Linum floridanum
- Conservation status: Secure (NatureServe)

Scientific classification
- Kingdom: Plantae
- Clade: Tracheophytes
- Clade: Angiosperms
- Clade: Eudicots
- Clade: Rosids
- Order: Malpighiales
- Family: Linaceae
- Genus: Linum
- Species: L. floridanum
- Binomial name: Linum floridanum (Planch.) Trel.
- Synonyms: Linum virginianum var. floridanum Planch. ;

= Linum floridanum =

- Genus: Linum
- Species: floridanum
- Authority: (Planch.) Trel.
- Conservation status: G5

Florida yellow flax

Linum floridanum, known commonly as Florida yellow flax or yellow-fruited yellow flax, is a species of flowering perennial native to North America. There are two variations of this species: L. floridanum var. chrysocarpum and L. floridanum var. floridanum. The range of both variations reaches from the southeastern region of North Carolina to Florida and westward to southern Mississippi. Outside of this range, L. floridanum var. floridanum may additionally be found in the West Indies and Louisiana.

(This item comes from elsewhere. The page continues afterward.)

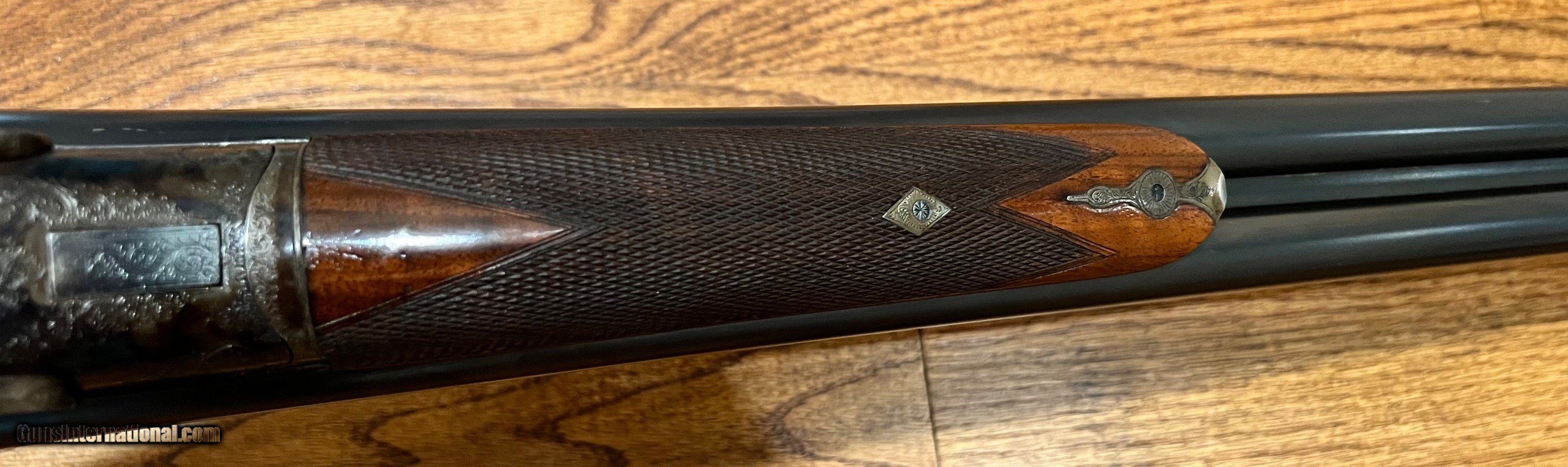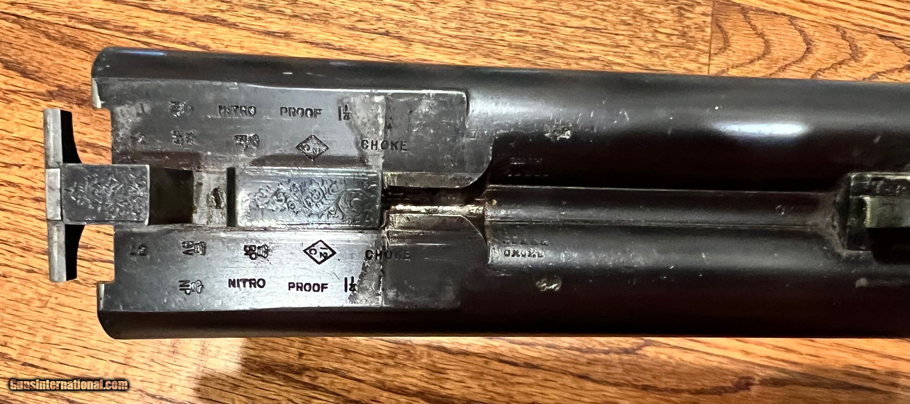 Description: Alcock & Peirce Melbourne Australia "The Viking" (built by Webley & Scott) hammer pigeon/trap gun 32" raised flat filed rib barrels with excellent bores 2 3/4" 1 1/4oz nitro proof Minimum wall thickness: 0.030/0.035 Bores: .730/.731 proofed at .729/.729 Chokes: .010/.015 IC/M LOP 14 1/2 over 5/8" pad DAC 1 5/8 DAH 1 7/8 Cast off 1/8" 7lbs 15oz Really nice W&S made pigeon/trap gun retailed in Australia. Perfect setup for a hammer sporting clays gun. SOLD Curio/Relic: Yes Shotgun Gauge: 12 Gauge |

L. floridanum reaches a height between 3 and 8 decimeters (approximately 0.98 to 2.62 feet), possessing multiple stems that stand erect. The leaves are most commonly alternately arranged, but may be opposite in some cases, and reach a length between 0.8 and 2.5 centimeters. The flowers possess five petals, 4 to 8 millimeters in length and yellow in color. The seeds produced by L. floridanum are 1 to 1.3 millimeters in length, obovoid to ellipsoid in shape, and brown in color.

This species is believed to have a positive relationship with fire, one study finding that the highest densities of flowering stalks of L. floridanum were observed in an area that had been burned the year prior.